Node.js `Array.includes` is faster than you'd expect

I've done a few Advent of Code problems, and one thing that's occasionally tripped me up has been my erroneous assumption that accessing the key of an object is fast. It's a fast constant time operation, but whatever hashing node is doing internally to find a key can sometimes be a performance hot-spot. There's a massive difference in speed between Array[index] and Object[key], and that made me start to wonder whether Object[key] was slow enough that there were situations where it'd make more sense to use Array.includes instead.
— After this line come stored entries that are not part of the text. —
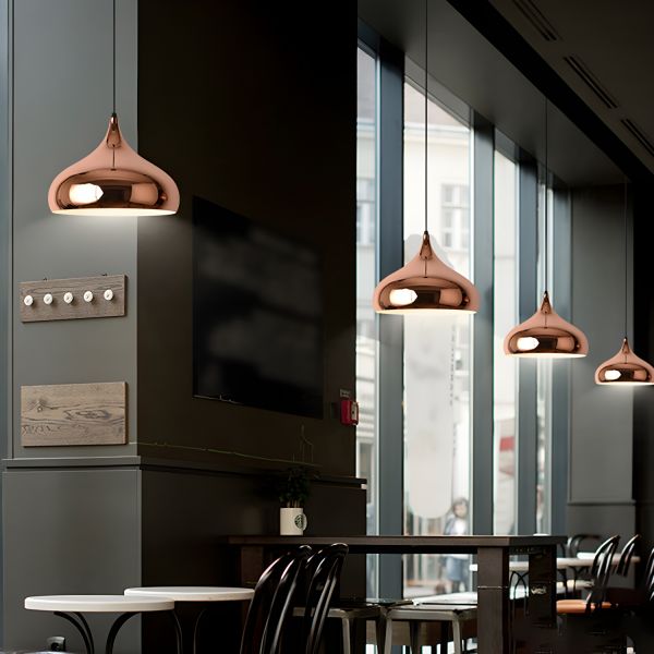 Contemporary Rose Gold Pendant Light, Mirror Finish Metal Hanging Fixture with White Interior - 110V-120V Onion
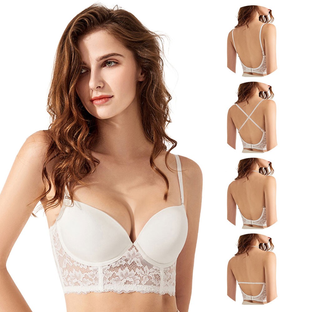 French Open Back U-Shaped Back Fishbone Lace Underwire Bra Invisible Underwear
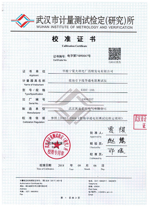武漢凱迪正大KDDT-10A接地引下線導通電阻測試儀校準證書
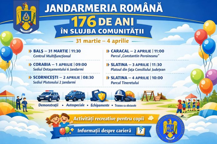 Cu prilejul aniversării a 176 de ani de la înființarea Jandarmeriei Române, Inspectoratul de Jandarmi Județean Olt organizează, pe parcursul unei săptămâni, o serie de activități dedicate Zilei Armei. Evenimentele se vor desfășura atât în municipiul Slatina, cât și în localitățile unde unitatea are subunități operative – municipiul Caracal și orașele Corabia și Balș – fiind menite să marcheze simbolic rolul și importanța Jandarmeriei în slujba comunității.
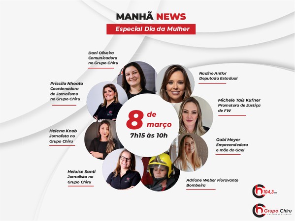 Para celebrar o Dia Internacional da Mulher, o Grupo Chiru Emissoras de Rádio preparou uma programação especial. O programa Manhã News da 104,3 FM – A sua rádio news! será apresentado por mulheres e terá somente mulheres como entrevistadas.
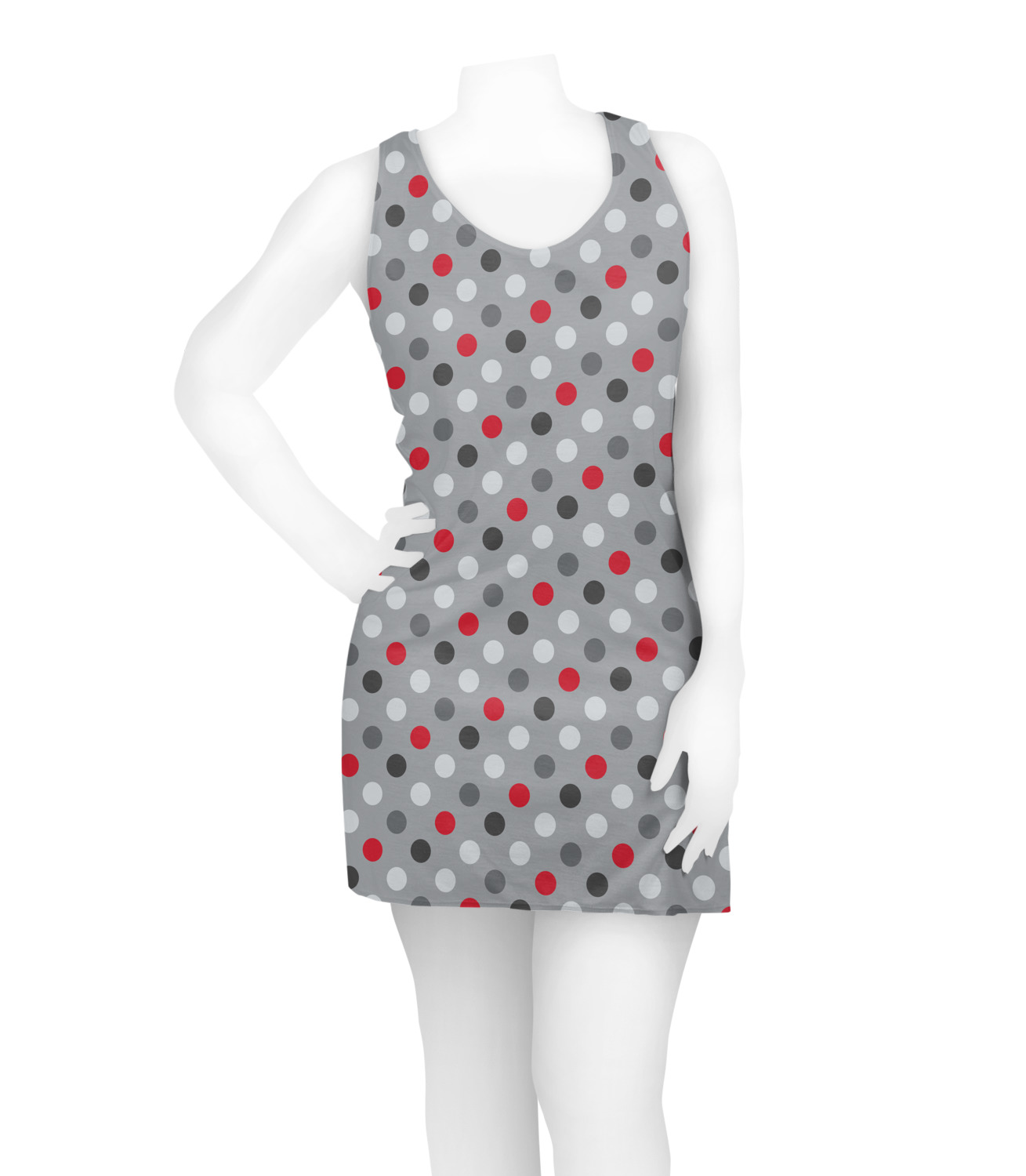 Polka dots have grown up and are not just for kids anymore. We have taken a pattern that is normally for children and by adding a modern color scheme have created a very versatile design that can be used for both adults and children. The polka dot design is set on a background of medium gray. Using coordinating colors of different shades of gray and red creates a very modern take on the timeless polka dot pattern.

When I benchmarked it, I was pretty astounded to see that on a sorted array, Array.includes is faster on arrays of 10,000 strings than Object[key]. Internally, I'm guessing Array.includes is using binary-search when it knows that the array is sorted, which is a cool optimization! Here's the gist if you want to test it out. (I'm running these tests on Node 14 on a Mac Mini)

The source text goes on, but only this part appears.